Outage on *1.projectlocker.com - Status and Updates

Published 17 July 2014 by C. G. Brown

This morning, we are aware of an unscheduled outage on *1.projectlocker.com. Users on other servers are not affected. We'll keep running updates in this post.

Background

Last night, the server that hosts *1.projectlocker.com was physically relocated. The server was brought back online successfully. The primary IP is working, however, the secondary subnet on which Subversion, Trac, and Git are hosted appears to have a network routing issue. We're working with our data center team to get this resolved as quickly as possible.

Updates (all times EDT / GMT-4)

10:00 am - Confirmed that data center is working on problem, and made them aware of possible network issue.  Awaiting reply.

10:12 am - Observing routing working properly from our offices. Services may be back online, but we're awaiting confirmation from our data center.

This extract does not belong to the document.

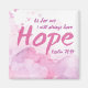 Beautiful watercolor stain in pink and white sets the stage in background for this beautiful HOPE design. Scripture from Psalm 71:14 reads, "I will always have HOPE." modern brush script with distressed edges (dark pink).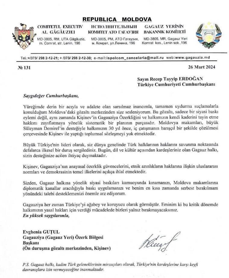 Mektupta, Türkiye’nin 1994 yılında Moldova ile Gagauz Özerk Yeri arasında yapılan anlaşmada arabulucu rolü üstlendiğini hatırlatan Gutsul, “Kişinev yönetimi bu anlaşmaları çiğniyor, uluslararası hukuk ilkelerini açıkça ihlal ediyor” ifadelerini kullandı.

10:18 am - Data center has confirmed that the VLAN had a misconfiguration after the server relocation. The misconfiguration is resolved and services should be back online.

Why Did This Happen?

Some of you have noticed a few problems on this server over the past few weeks. The bad news is that the outages have led us to a lower standard of service from us than you've come to expect, and for that we sincerely apologize. The good news is a two-parter: a) the issues affecting the server were unrelated, and b) the issues have been each isolated and resolved. We're going to walk through each of the problems below and talk about how we are dealing with them.

Problem: Storage

We had one of the disks run out of space recently. This was due to the logs not being properly rotated. We fixed the issue with the log rotation and do not anticipate further problems there. We don't provision new accounts on that server, so organic growth and logs are the source of additional disk usage.

Problem: Hardware

We were seeing instability a couple of weeks ago on pl1. We did some research but could not isolate an issue. We had our data center run a hardware diagnostic and they identified a defective RAM stick, which is statistically common after several years of operation. They replaced the RAM stick, and the stability issue was resolved.

Problem: Relocation

Our data center relocated the physical server housing pl1 last night. While this is not a common procedure (we've only seen it done once in 11 years and that was due to an emergency), our data center usually is fantastic about getting everything back online. However, while they got the primary IP back online correctly, the secondary subnet that serves all the ProjectLocker services had a misconfiguration on their network. This led to the servers appearing to be online with respect to our monitoring tools, but appearing to be offline with respect to our customers. Once we isolated the problem and informed them, they promptly got the servers back online.

Going Forward

We are meeting as a team to discuss our monitoring procedures and response strategy. We are an America-based team but we recognize that our customers work around the clock and around the world. Know that we take any outage seriously, and that we are working hard to continue to give you enterprise-grade support at an affordable price.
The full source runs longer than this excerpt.